**TASK DIRECTIONS**
Your answer should hold only the lines from the one with "Das alte Pilasterportal" through the end of the records, repeated exactly and minus any pictures.

**MATERIAL FOR THIS TASK**
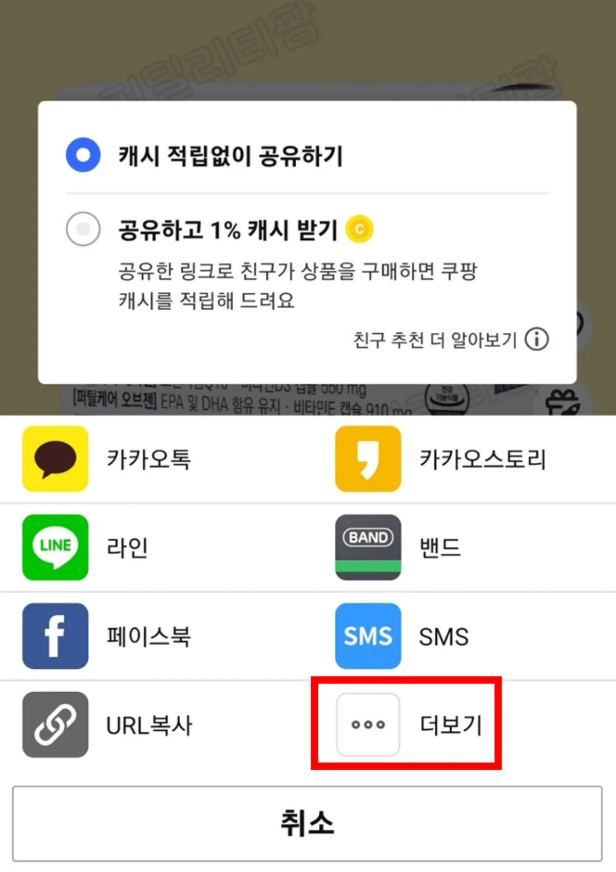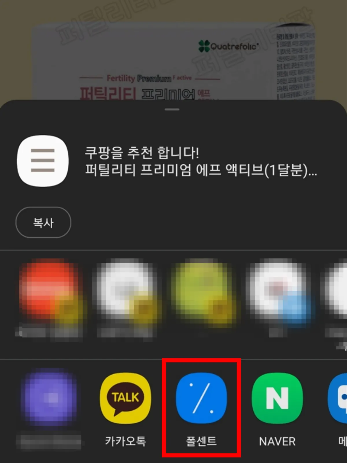 다시 쿠팡앱을 켜고 내가 사려던 상품 상세페이지에서 공유 버튼 누르기 > 더보기 누르기 > 폴센트 앱을 누르면 내가 사려는 상품이 어플에 추가가 됩니다.
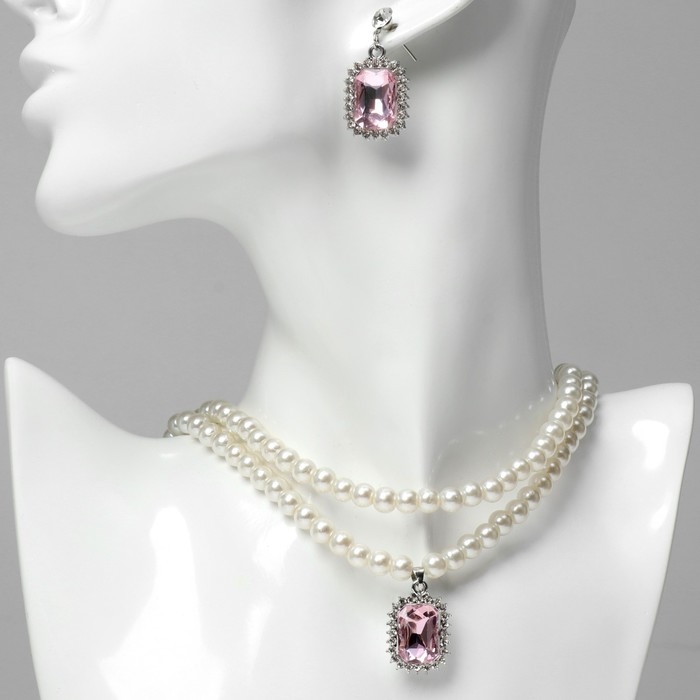 Набор 2 предмета: серьги, колье «Катрин» розовая вставка, цвет белый в серебре, 45 см
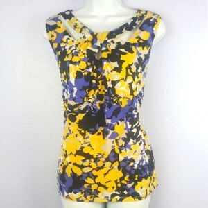 Sleeveless bold print top with cut out detail on chest area. In great condition.
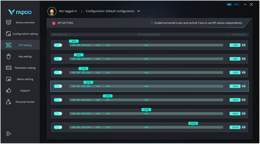 В памяти Rapoo VT1Pro Max хранится до семи состояний с разным разрешением сенсора. По умолчанию сенсор PAW3950 поддерживает значение DPI до 30000, но в настройках его можно «увеличить» до 42000. Лишние режимы можно отключить, оставив необходимое количество. Удобно, например, я использую только «базовые» 1600 DPI и «разогнанные» 3200 DPI: для работы и игр соответственно.
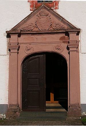 Das alte Pilasterportal von 1687 wurde im Neubau wiederverwendet In der Chornordwand hat sich eine spätgotische Sakramentsnische aus der Zeit des Chores,also um 1500 erhalten.
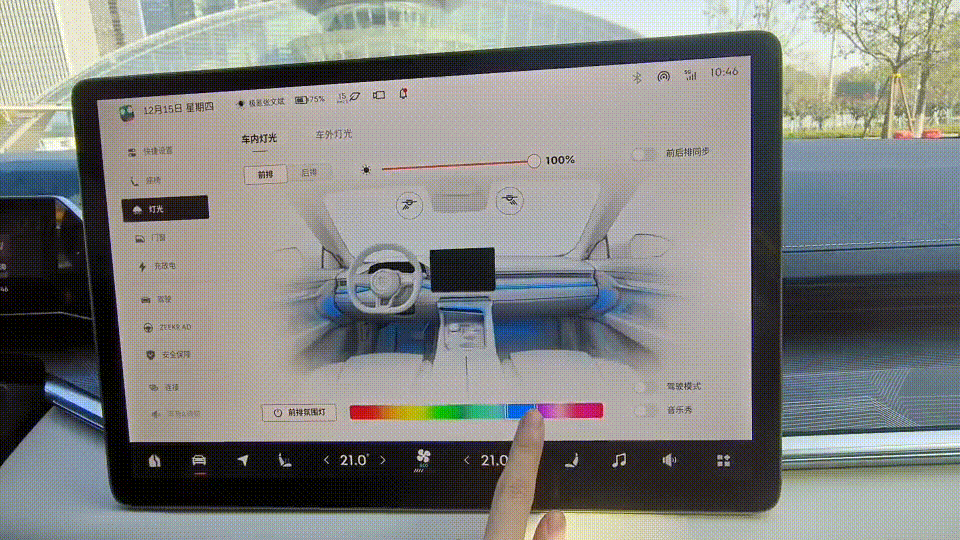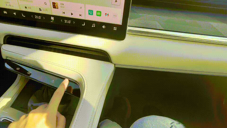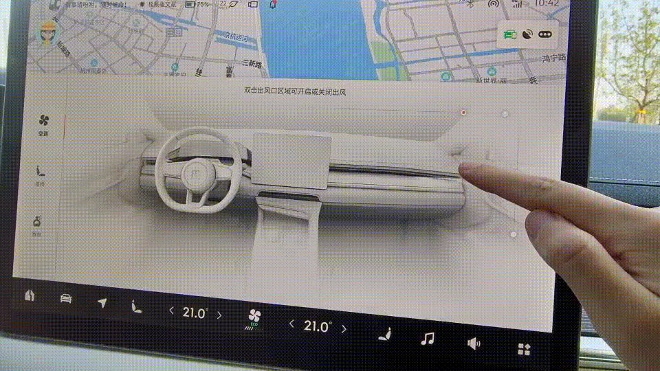 空调可以进行不同区域的独立开关和风向控制,通过触碰屏幕里相应的位置,就能满足主副驾的不同需求。
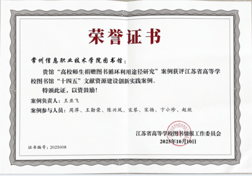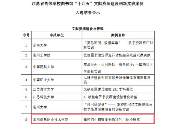 9月30日,江苏省高等学校图书馆“十四五”文献资源建设创新实践案例入选结果公示,我校图书馆申报的案例“高校师生捐赠图书循环利用途径研究”成功入选。全省共36个案例获表彰,其中高职院校案例8个。

**SOLUTION FOR THIS EXERCISE**
 Das alte Pilasterportal von 1687 wurde im Neubau wiederverwendet In der Chornordwand hat sich eine spätgotische Sakramentsnische aus der Zeit des Chores,also um 1500 erhalten.
 空调可以进行不同区域的独立开关和风向控制,通过触碰屏幕里相应的位置,就能满足主副驾的不同需求。
 9月30日,江苏省高等学校图书馆“十四五”文献资源建设创新实践案例入选结果公示,我校图书馆申报的案例“高校师生捐赠图书循环利用途径研究”成功入选。全省共36个案例获表彰,其中高职院校案例8个。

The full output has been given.